CIANJURTODAY.COM, Cianjur – Kehilangan pekerjaan tidak membuat semangat untuk terus berjuang luntur. Itulah yang dilakukan Gisman Akrab Fahrian, usai keluar dari pekerjaannya di salah satu perusahaan di Cianjur.

Dengan pesangon yang ia terima usai dirumahkan, Gisman pun memberanikan diri untuk membuka usaha kedai kopi. Hal itu demi mencari rupiah setelah kehilangan pekerjaannya.
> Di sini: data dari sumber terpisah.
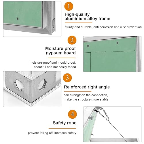 Sportello di ispezione per cartongesso, 300 x 300 mm, telaio in alluminio, per la manutenzione di pareti, soffitti e ambienti umidi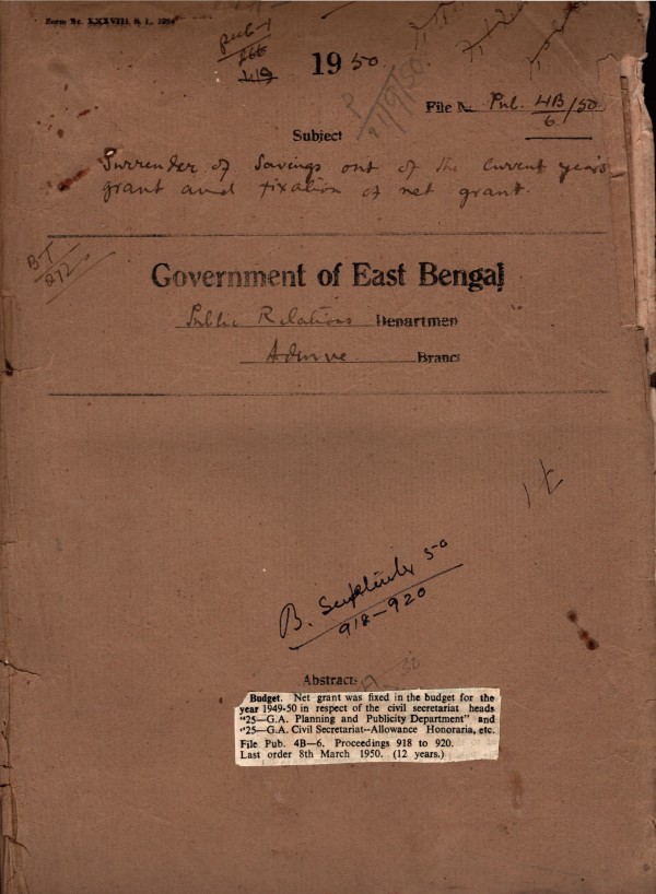 Net grant was fixed in the budget for the year 1949-50 in respect of the Civil Secretariat heads 25-GA. Planning and Publicity Department and 25-GA Civil Secretariat Allowance Honoraria etc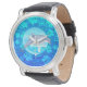 Dolphin springt door een symbool van de Maori-zon met een blauwe oceaan en een zeilboot erachter. Blauwe Honu-schildpadden en blauwe hibiscus-bloemen, ondergrond.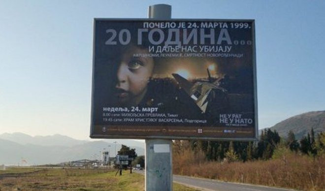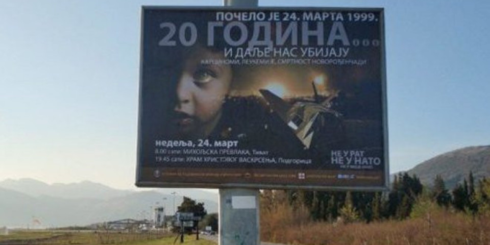 Na bilbordima se nalazi natpis "Počelo je 24. marta 1999. godine. 20 godina i dalje nas ubijaju karcinomi, leukemije, smrtnost novorođenčadi".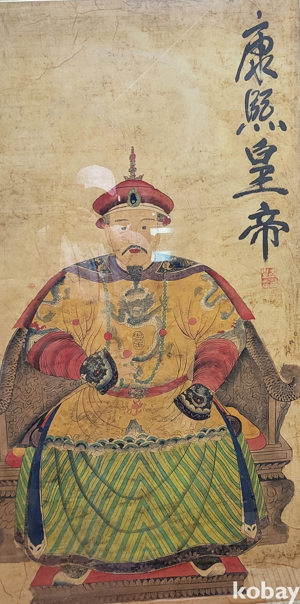 청나라 강희황제(康熙帝帝) 어진(御眞) 으로 종이에 채색되었읍니다,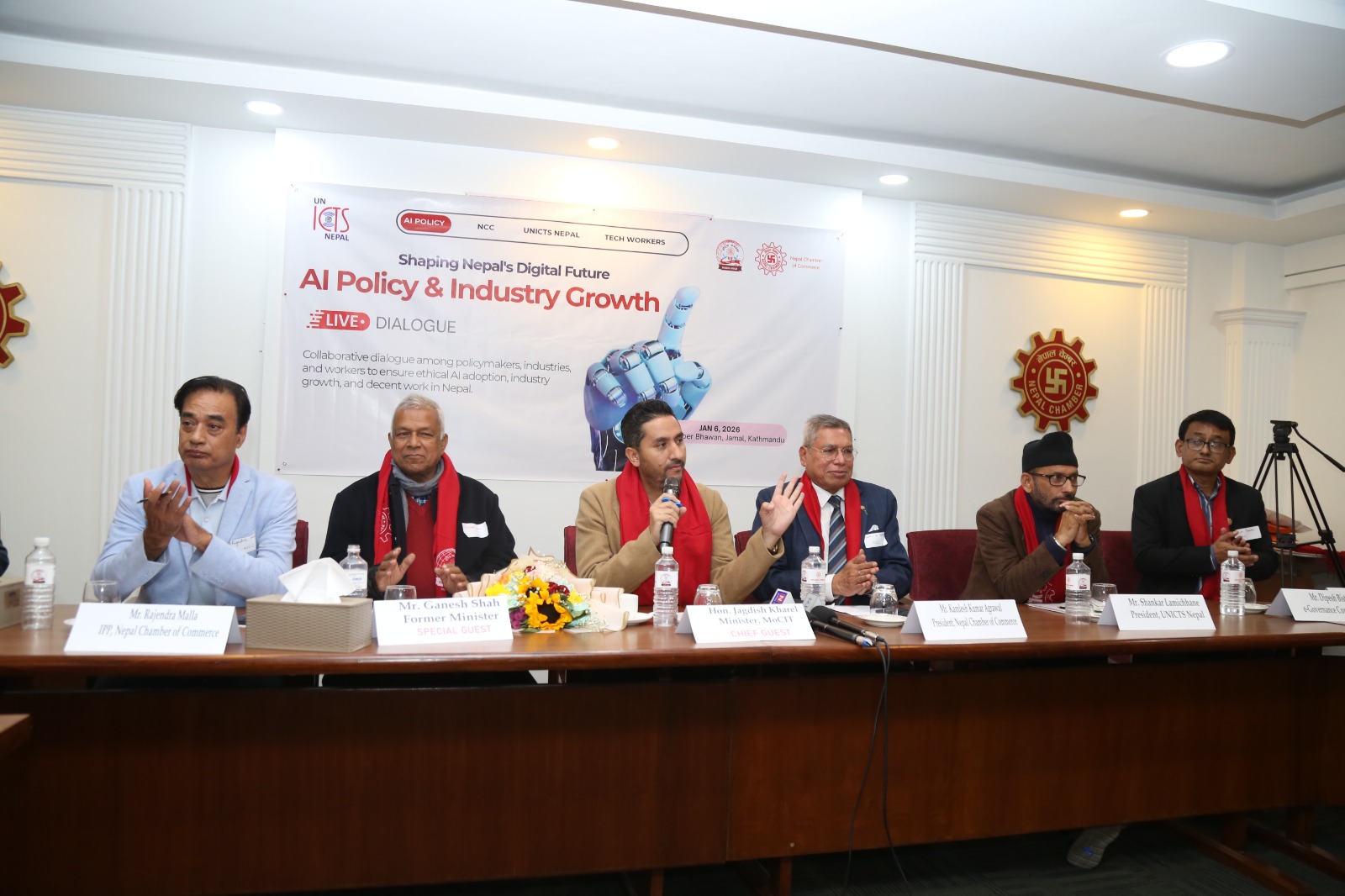 कार्यक्रममा नेपाल चेम्बर अफ कमर्सका अध्यक्ष कमलेश कुुमार अग्रवालले एआई केवल प्रविधिको विषय मात्र नभई आर्थिक पारदर्शिता, उद्यमशिलता प्रवर्द्धन र रोजगारी सिर्जनाको महत्त्वपूर्ण आधार बन्दै गएको बताए । डिजिटल रूपान्तरणमार्फत सार्वजनिक सेवालाई प्रभावकारी बनाउने, व्यावसायिक लागत घटाउने र निर्णय प्रक्रियामा पारदर्शिता ल्याउन एआईको भूूमिका महत्त्वपूर्ण हुने अध्यक्ष अग्रवालको भनाइ छ ।

“Pesangon yang dikasih itu Rp17 juta. Yang dipakai buat modal usaha itu total ada sampai Rp8 juta,” tuturnya kepada Cianjur Today, Senin (15/06/2020).

Namun, tidak serta merta ia dapat menjadi seorang barista peracik kopi. Gismab pun mengikuti pelatihan dalam program prakerja.

“Awal di prakerja ikut kursus barista. Soalnya memang sebenarnya tak ada pengalaman di dunia kopi,” jelas dia.

Usai menjalani pelatihan sebagai barista, Kedai Geace General Coffee pun mulai melebarkan sayapnya di dunia UKM Cianjur. “Baru seminggu didirikannya,” ucap dia.

Kedai kopi yang berada di Jalan Pangeran Hidayatullah, Desa Limbangansari, Kecamatan Cianjur ini terkesan minimalis.

“Bukanya dari pukul 10 sampai 10 malam. Udah bisa jual online di WA 085795315704,” sebutnya.

Kopi yang dijual di sini dibilang terjangkau mulai dari Rp2 ribu hingga Rp15 ribu. Bukan hanya kopi seperti V60 classic, dan Capuccino, kopi saschet pun dijual di sini.

Ia pun berharap, bisa menjadikan usahanya itu sebagai sampingan sambil mencari pekerjaan baru. “Harapannya, nunggu Covid-19 mereda, lalu cari kerja dan ini dijadikan sampingan.” tukasnya.(afs/rez)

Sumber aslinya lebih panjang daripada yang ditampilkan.